Marie-Antoinette Marie-Antoinette, tirage en couleurs sur deux feuilles de Jean-François Janinet, tirage d'après Jean-Baptiste-André Gautier d'Agoty, 1777 ; au British Museum. Los Angeles County Museum of Art, (Austin and Irene Young Trust par échange AC1996.127.1), www.lacma.org

Dans les années 1770, une réaction à cet excès commençait en Angleterre, où des robes plus simples avec un jupon à armatures étaient portées et la plénitude de la jupe était tirée vers l'arrière. Une ceinture entourait une taille haute et un doux fichu, ou écharpe légère, était drapé autour du cou. Ces styles plus doux mais élégamment féminins se sont progressivement répandus dans toute l'Europe et ont finalement été acceptés en France, bien qu'un portrait de 1783 de Marie-Antoinette dans une telle robe a irrité le public, qui a affirmé que son utilisation de la mousseline - un tissu non produit en France - a sapé les Français textile industrie .

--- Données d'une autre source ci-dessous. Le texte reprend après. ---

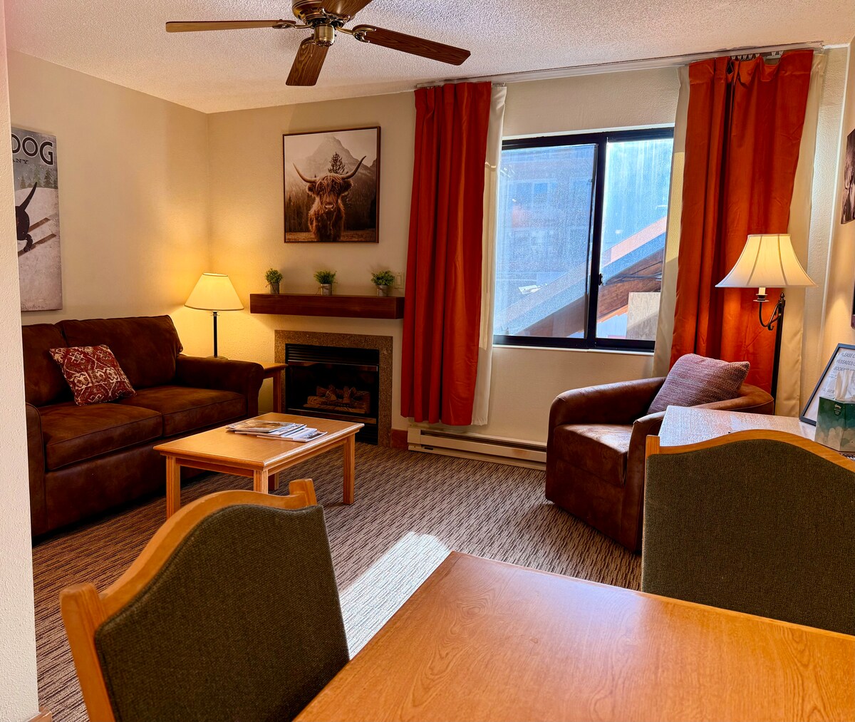 Welcome to the Grand Lodge Getaway! Enjoy the quiet and comfort of this top-floor suite offering enhanced views and privacy unmatched by other units you’ll find in the building. Featuring a separate bedroom (with partition) and a gas fireplace to cozy up to on the newly furnished sleeper-sofa, this is the perfect spot for you and your friends or loved ones to relax and unwind after an adventurous day in Crested Butte! Book now to guarantee your dates; I would love to host your stay!

Elisabeth Vigée-Lebrun: Queen Marie Antoinette

Elisabeth Vigée-Lebrun: Reine Marie-Antoinette Reine Marie-Antoinette , aussi connu sous le nom Le portrait en mousseline , huile sur toile d'Elisabeth Vigée-Lebrun, 1783 ; à la National Gallery of Art, Washington, D.C. Avec l'aimable autorisation de la National Gallery of Art, Washington, D.C. ; Collection Timken (1960.6.41)

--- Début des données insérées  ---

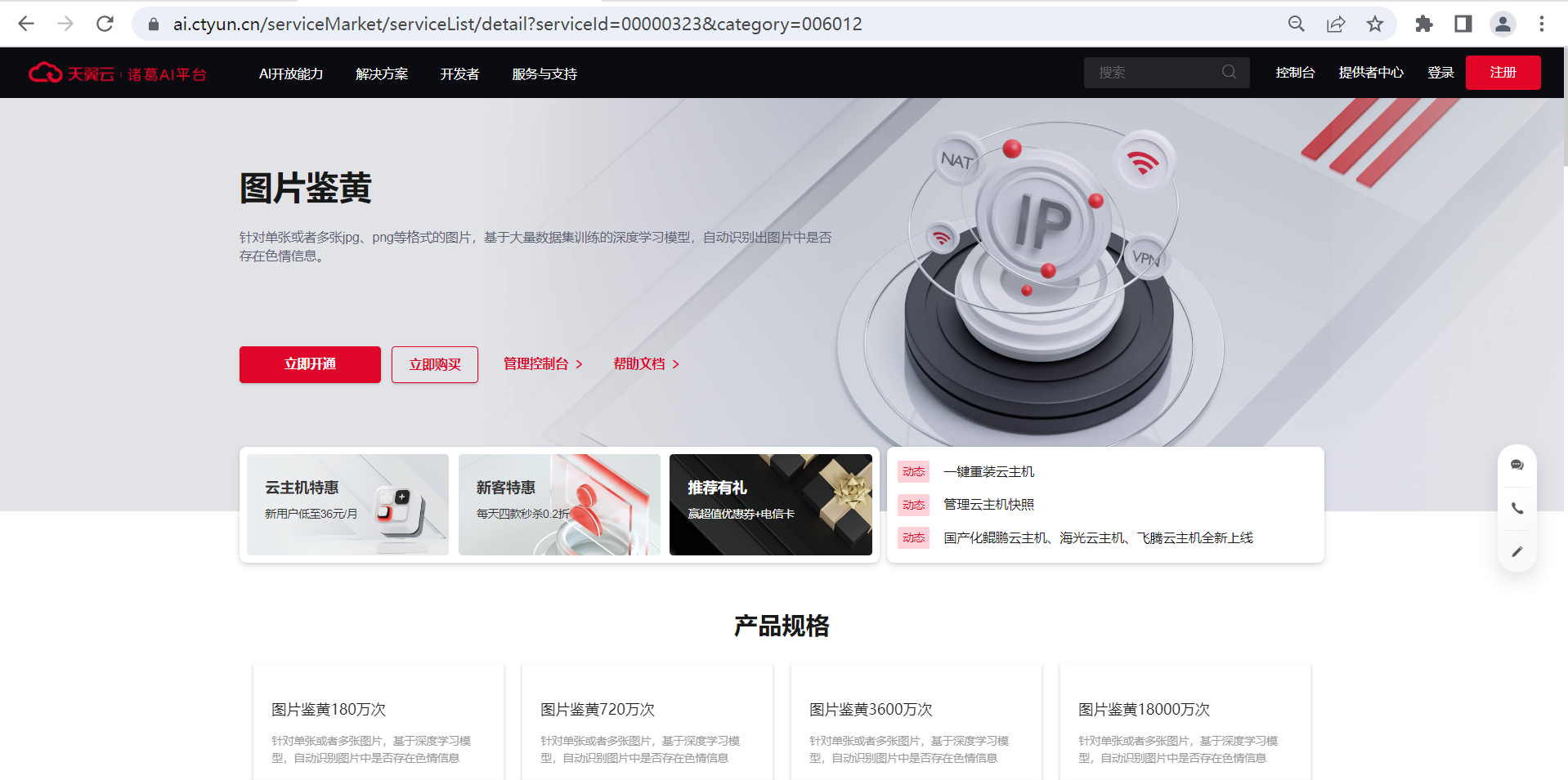 1.点击【产品-人工智能】,选择内容审核下的图片鉴黄;

Pendant des siècles, les enfants avaient été habillés en adultes miniatures, mais dans les années 1770, il y avait une divergence marquée par rapport à cette coutume établie. Les enfants, en particulier les garçons, ont commencé à être vêtus de vêtements plus confortables adaptés à leur âge. Les robes des filles ressemblaient plutôt aux styles plus faciles de leurs mères à cette époque, mais les garçons étaient vêtus d'une chemise et d'une longueur à la cheville. des pantalons , dont la ceinture était boutonnée à la chemise. Ce costume, dans lequel le port du pantalon comme vêtement à la mode était antérieur à son introduction pour les adultes d'une génération, était curieusement intitulé un costume squelette.